For decades, the mystery of the Bermuda Triangle has been blamed for the disappearances of planes and ships that have tried to pass through. The 500,000 kilometers square stretch of sky above the North Atlantic Ocean connects points in Bermuda, Florida and Puerto Rico. Sometimes referred to as Devil’s Triangle, the area has been associated with the sinking of mythical Atlantis, the first logged shipwreck in the area in 1609 and the disappearance of Flight 19 during WWII. However, new satellite images may help scientists debunk the many mysteries surrounding the Bermuda Triangle.

The images researchers unveiled on a Science Channel segment Wednesday depict hexagonal clouds, which meteorologist said can produce 170 miles per hour wind air bombs above the Bermuda Triangle. These forceful air bombs could make it terrifyingly difficult for ships and planes to pass through that particular area in the Atlantic Ocean. Based on the pictures, researchers were able to determine that the hexagonal clouds stretched anywhere between 20 to 55 miles across, and some of the biggest ones appeared right over the western tip of Bermuda Island.

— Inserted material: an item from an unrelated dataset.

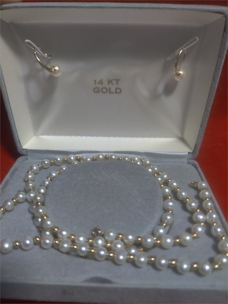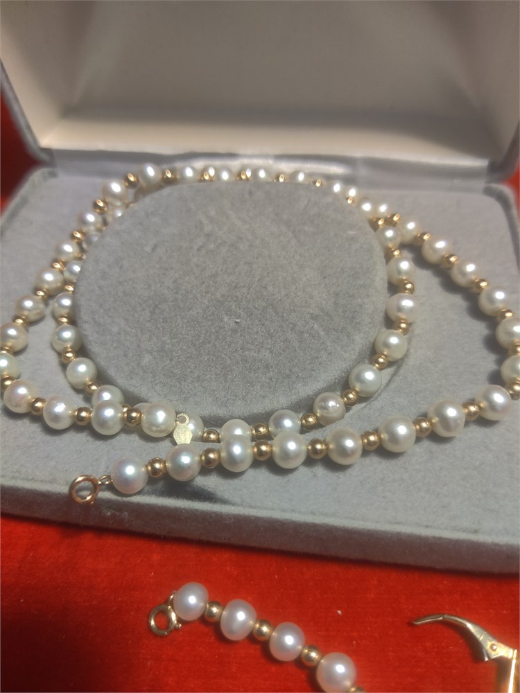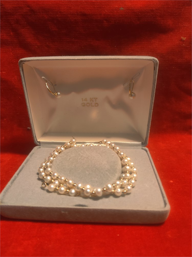 14k Gold Pearl Necklace, Bracelet & Earrings 20.30g(R)
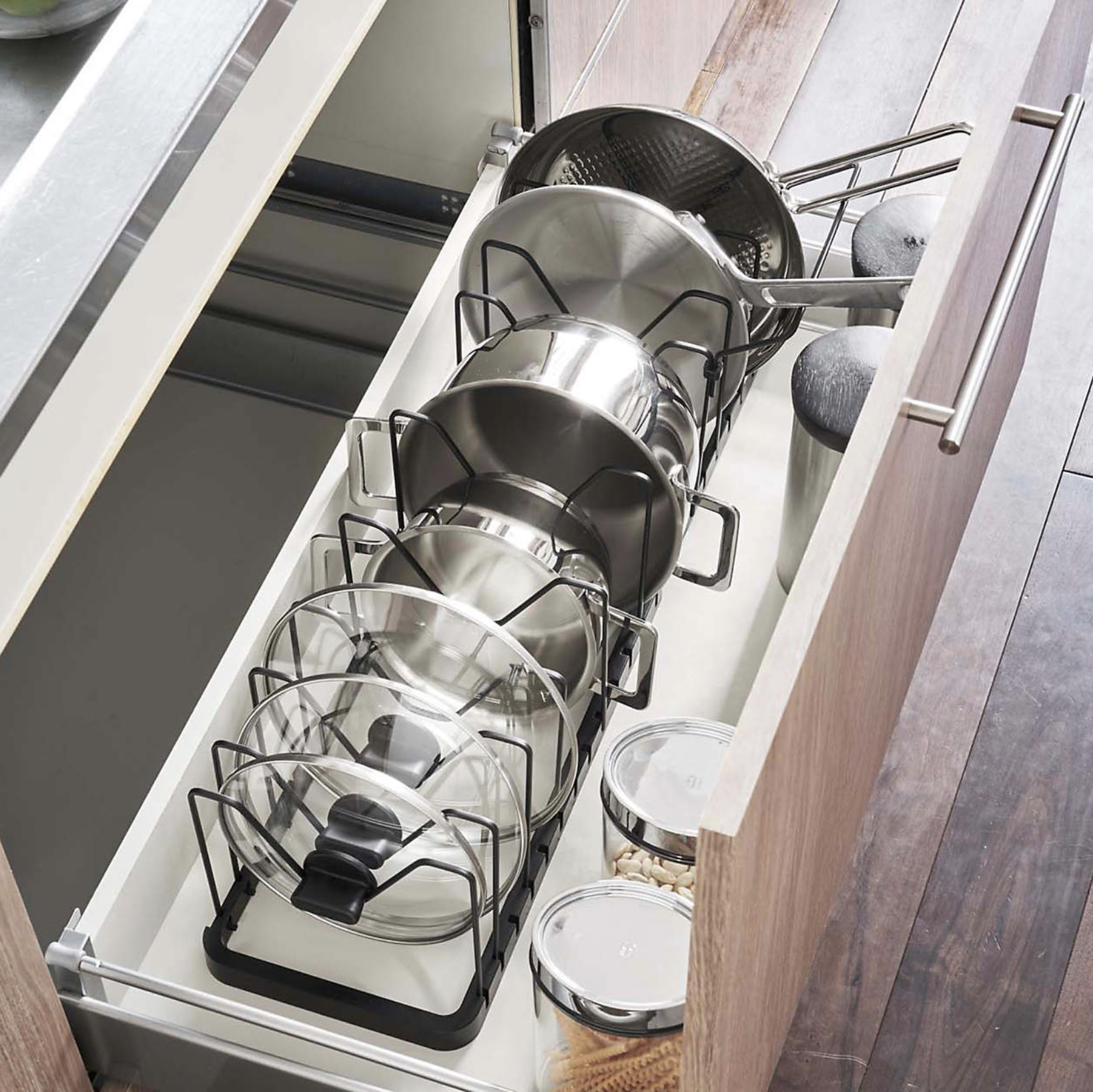 Another great product for space-saving and combating kitchen clutter is this Pot Lid & Frying Pan Organizer from Crate & Barrel. It keeps your pots, pans, and lids organized and easily accessible while freeing up valuable cabinet and counter space. The adjustable design allows you to customize it to your specific needs, making it perfect for any kitchen size. The sleek and stylish design complements any kitchen decor, adding a modern touch to your space. Overall, this product is a must-have for anyone who values a clean and organized kitchen.

The unusual straight edged hexagonal clouds, which researchers also found in satellite images of an area of the North Sea off the coast of the U.K., can create sea level winds of 170 miles per hour and waves more than 45 feet high. Based on the intense air bomb findings in the North Sea, researchers are now speculating that the same hexagonal clouds found in the Bermuda Triangle may be responsible for the many unexplainable disappearances of people, ships and aircraft that have passed through the Bermuda Triangle.

One of the creepiest tales involving the mysterious Bermuda Triangle may be from the 1881 Ellen Austin voyage after a crew allegedly came across another ship in the area that was sailing with no people on board. The crew took over the second, empty ship and started a journey back to New York when it suddenly disappeared and then resurfaced a second time, again with no people on board.